The decision to save or invest for future financial gain requires a lot of thought and research. The correct decision will depend entirely on whether you wish to save for something in the short term or you wish to invest for long term goals. This article aims to highlight the pros and cons of investing and saving, so that you will be able to make a more informed choice.
Deciding on whether you wish to save or invest depends on what you wish to use your money for, for example if you are saving for a holiday or deposit on a house you will more than likely require access to your money in the next few years. In contrast if you are saving for your retirement you will be able to save your money for a longer term to maximise profit.
It is always useful to get expert advice when making financial decisions, Chris Pivik is a private equity investment analyst who has years of experience.
Investing your money is not without risk, but is likely to have a higher financial return in comparison to saving. Investing should be seen as a long term option of 10 years or more.
What is the difference between saving and investing?

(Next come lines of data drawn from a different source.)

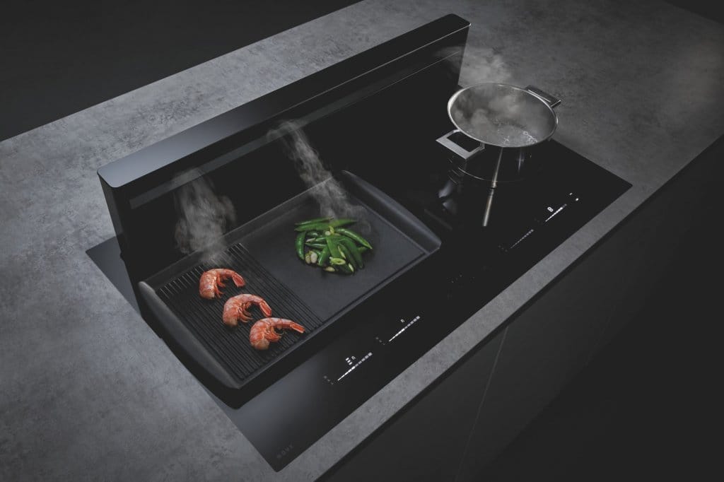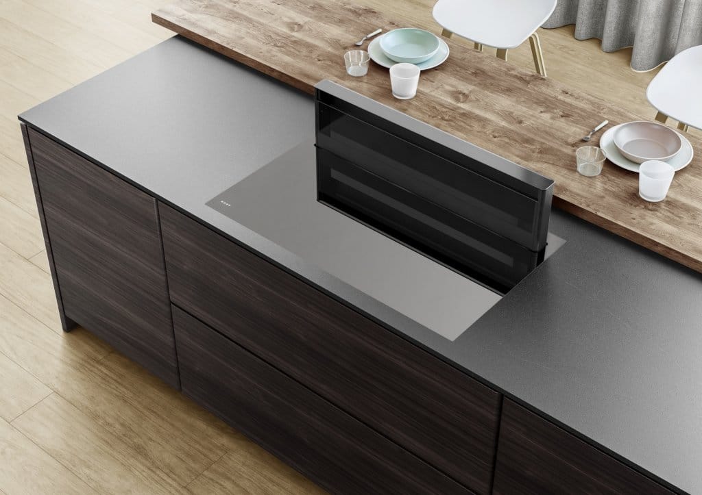 Unikátní kombinace indukční desky a integrovaného spodního odsavače vám nabízí naprostou svobodu při plánování, a tak si můžete plně vychutnat prostornou atmosféru vaší kuchyně. U Novy jsou štěrbinové odsavače viditelné pouze když vaříte a odsávají kuchyňské výpary přímo u zdroje.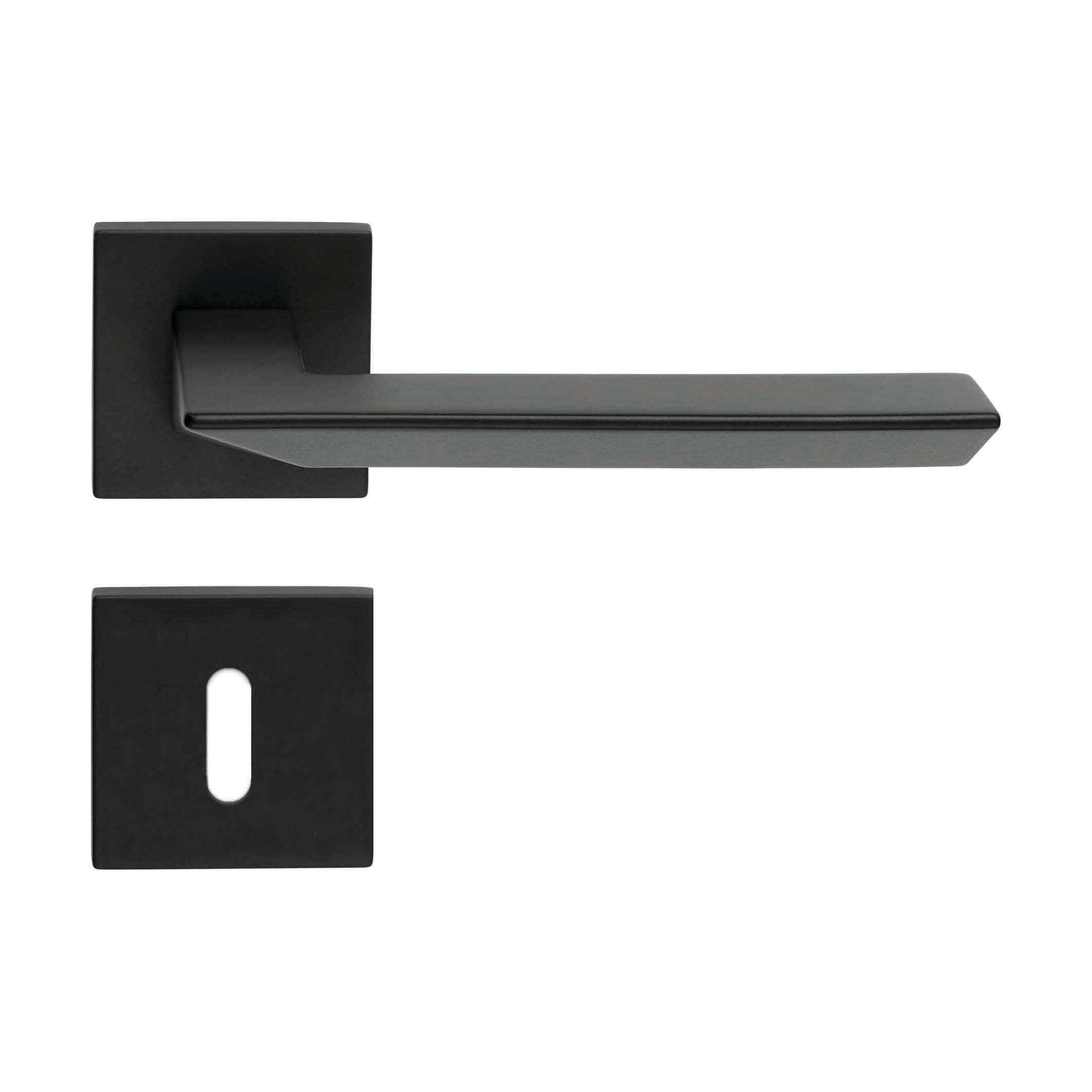 Maniglia con rosetta e bocchetta in Zama Opaco. Indicata per porta da interno battente con serratura patent. Coppia di maniglie, due grani di fissaggio, chiave esagonale per grani, due bocchette, viti da legno, quadro Q8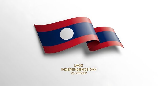 Laos Independence Day: Waving Flag on White Background, October 22nd Celebration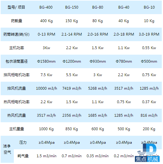 a、包衣鍋體 有孔或無(wú)孔、容量、材質(zhì)、拋光情況、正反方螺旋導(dǎo)流方式、配片劑在線溫度控制

Saving – Saving is a low risk option, but your returns will be governed by the interest rate, which is currently low. Saving accounts are easy to set up and allow easy access to funds, especially useful if you require your money quickly in cases of financial emergencies. There is no risk to your capital as your savings will receive some protection. Your savings will receive interest and will steadily grow. It is easy to schedule monthly amounts to be put into a savings account, therefore making budgeting easy. One thing to consider though is as years pass it is possible for inflation to rise above interest rates, if this happens the “real value” of your savings can drop.
Investment – Investment involves risk and potentially you could end up with less money than you started. However, investments that do well are extremely profitable, providing higher returns than savings. Investing your money should be seen as a long term goal, to allow fluctuations in the market, the longer you invest the higher the potential returns. Investments are usually made in stocks and shares, but you could consider investing in properties or commodities. It is a good idea to build an investment portfolio, so you don’t put all your eggs in one basket – so to speak.
To conclude it is important to devise a plan of your future financial goals. All your goals will have different timescales for when you want to achieve them. If your goals are mainly long-term it would be a good idea to research investing your money. Short-term goals may be better served by saving. If you have a mixture you could consider a mixture of investments and saving plans. Whichever you choose always seek good independent financial advice.